[Records from a collection]
------------------------

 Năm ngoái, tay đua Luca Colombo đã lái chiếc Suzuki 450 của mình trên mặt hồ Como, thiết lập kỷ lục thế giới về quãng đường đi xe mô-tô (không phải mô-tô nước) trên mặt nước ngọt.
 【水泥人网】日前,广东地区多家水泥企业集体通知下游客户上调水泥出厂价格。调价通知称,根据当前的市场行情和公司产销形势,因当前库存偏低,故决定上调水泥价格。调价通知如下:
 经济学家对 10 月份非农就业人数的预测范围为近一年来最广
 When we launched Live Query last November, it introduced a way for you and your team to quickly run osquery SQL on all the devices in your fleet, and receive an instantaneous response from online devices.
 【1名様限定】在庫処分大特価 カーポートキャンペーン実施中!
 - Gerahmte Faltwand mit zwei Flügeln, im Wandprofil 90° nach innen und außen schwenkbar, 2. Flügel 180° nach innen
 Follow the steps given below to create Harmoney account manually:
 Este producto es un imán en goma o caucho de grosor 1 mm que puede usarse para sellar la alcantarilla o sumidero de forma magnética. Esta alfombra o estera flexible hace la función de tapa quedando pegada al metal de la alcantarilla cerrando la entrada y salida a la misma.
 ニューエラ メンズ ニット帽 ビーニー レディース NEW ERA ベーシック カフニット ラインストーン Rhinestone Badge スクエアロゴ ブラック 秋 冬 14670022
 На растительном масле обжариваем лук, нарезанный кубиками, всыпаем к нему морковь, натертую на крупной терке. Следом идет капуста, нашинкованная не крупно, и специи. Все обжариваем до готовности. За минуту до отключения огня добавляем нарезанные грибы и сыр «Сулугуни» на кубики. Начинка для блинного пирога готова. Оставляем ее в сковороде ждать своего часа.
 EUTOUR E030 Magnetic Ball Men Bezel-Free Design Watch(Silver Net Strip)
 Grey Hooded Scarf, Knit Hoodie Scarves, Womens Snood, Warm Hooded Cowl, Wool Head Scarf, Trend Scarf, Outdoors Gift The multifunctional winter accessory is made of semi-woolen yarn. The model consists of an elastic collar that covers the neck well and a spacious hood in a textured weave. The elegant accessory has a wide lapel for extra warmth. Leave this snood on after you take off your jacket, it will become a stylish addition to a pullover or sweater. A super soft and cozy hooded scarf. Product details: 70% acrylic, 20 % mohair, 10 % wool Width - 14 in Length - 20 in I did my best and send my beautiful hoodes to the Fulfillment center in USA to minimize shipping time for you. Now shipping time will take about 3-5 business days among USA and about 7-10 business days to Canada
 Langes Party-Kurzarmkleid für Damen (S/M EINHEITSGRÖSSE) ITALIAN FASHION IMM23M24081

------------------------

Copying word for word, give each line of the data above from the first one through the line containing "ニューエラ メンズ ニット帽", and nothing else.

 Năm ngoái, tay đua Luca Colombo đã lái chiếc Suzuki 450 của mình trên mặt hồ Como, thiết lập kỷ lục thế giới về quãng đường đi xe mô-tô (không phải mô-tô nước) trên mặt nước ngọt.
 【水泥人网】日前,广东地区多家水泥企业集体通知下游客户上调水泥出厂价格。调价通知称,根据当前的市场行情和公司产销形势,因当前库存偏低,故决定上调水泥价格。调价通知如下:
 经济学家对 10 月份非农就业人数的预测范围为近一年来最广
 When we launched Live Query last November, it introduced a way for you and your team to quickly run osquery SQL on all the devices in your fleet, and receive an instantaneous response from online devices.
 【1名様限定】在庫処分大特価 カーポートキャンペーン実施中!
 - Gerahmte Faltwand mit zwei Flügeln, im Wandprofil 90° nach innen und außen schwenkbar, 2. Flügel 180° nach innen
 Follow the steps given below to create Harmoney account manually:
 Este producto es un imán en goma o caucho de grosor 1 mm que puede usarse para sellar la alcantarilla o sumidero de forma magnética. Esta alfombra o estera flexible hace la función de tapa quedando pegada al metal de la alcantarilla cerrando la entrada y salida a la misma.
 ニューエラ メンズ ニット帽 ビーニー レディース NEW ERA ベーシック カフニット ラインストーン Rhinestone Badge スクエアロゴ ブラック 秋 冬 14670022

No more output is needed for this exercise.